# Compliment Code



## Melian (Jun 29, 2009)

There is nothing I would love more than to ogle my husband's naked body and tell him how fat his belly is getting, or to squeeze his lovehandles and revel in how much flesh pours between my fingers.....*ahem*....but I can't. He would absolutely hate that, would get turned off, and I would be in trouble :doh:

Still, I have to do something! So I've learned to code my fat-related compliments into things he actually enjoys hearing, for example:

Your skin is soft = your fat is soft and arousing.

I love your chest = I love your moobs. Put them in my face.

You're sexy = *usually said with mouthful of belly*

Your arms are so big = crush me in your fat arms.


I can't be the only one who does this! What are some things that you say? Or are you lucky enough to get away with saying what you actually mean?


----------



## Hole (Jun 29, 2009)

Haha I am the exact same situation.


----------



## Tad (Jun 30, 2009)

Ha, you two are lucky to be with guys--I think women are more apt to bust you on that sort of code  To make a gross generalization, guys are more apt to have the attitude of "I can choose to just take that for the good, let's not think about it too hard and enjoy her nuzzling me."
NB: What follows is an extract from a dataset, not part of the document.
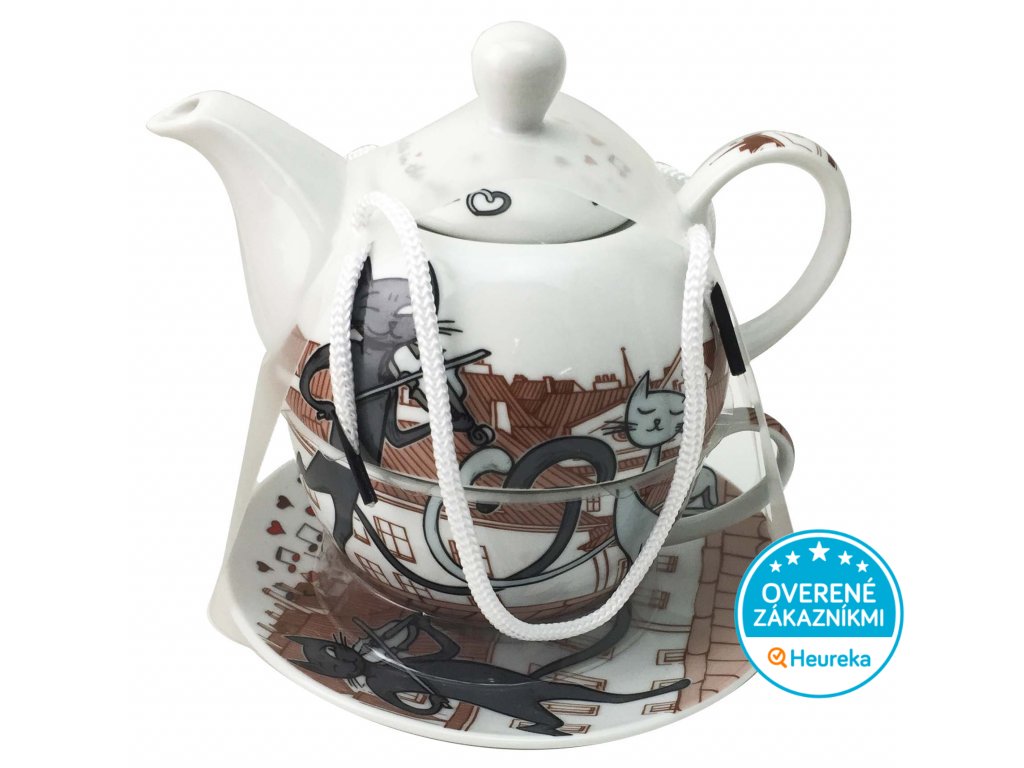 Porcelánová súprava s kanvičkou, šálkou a tanierikom s krásnym mačacím motívom. Ideálny darček pre milovníka mačiek. V priehľadnom darčekovom balení.

I can get away with a very general "You are so gorgeous" type of compliment while squeezing her tight (hands digging into softness). Anything more direct is an invitation to have the underlying message discussed directly.


----------



## Esther (Jun 30, 2009)

Haha, oh dear. I'm in the same boat as you, I think. I'm dating a former athlete who gave it all up for rock n' roll, so to speak, so he still tends to view his current weight as a negative thing. He gets really insulted if I accidentally blurt out my thoughts in the heat of the moment. I tend to use the same sort of codes as you; commenting on his big strong arms or thighs, etc.
I also try to drop hints about the kind of guy I like in order to get my preferences across in a subtle manner. We were at a big music festival this Sunday so I made sure to point out all the handsome, heavyset musicians I have a crush on


----------



## Melian (Jun 30, 2009)

edx said:


> Ha, you two are lucky to be with guys--I think women are more apt to bust you on that sort of code  To make a gross generalization, guys are more apt to have the attitude of "I can choose to just take that for the good, let's not think about it too hard and enjoy her nuzzling me."
> 
> I can get away with a very general "You are so gorgeous" type of compliment while squeezing her tight (hands digging into softness). Anything more direct is an invitation to have the underlying message discussed directly.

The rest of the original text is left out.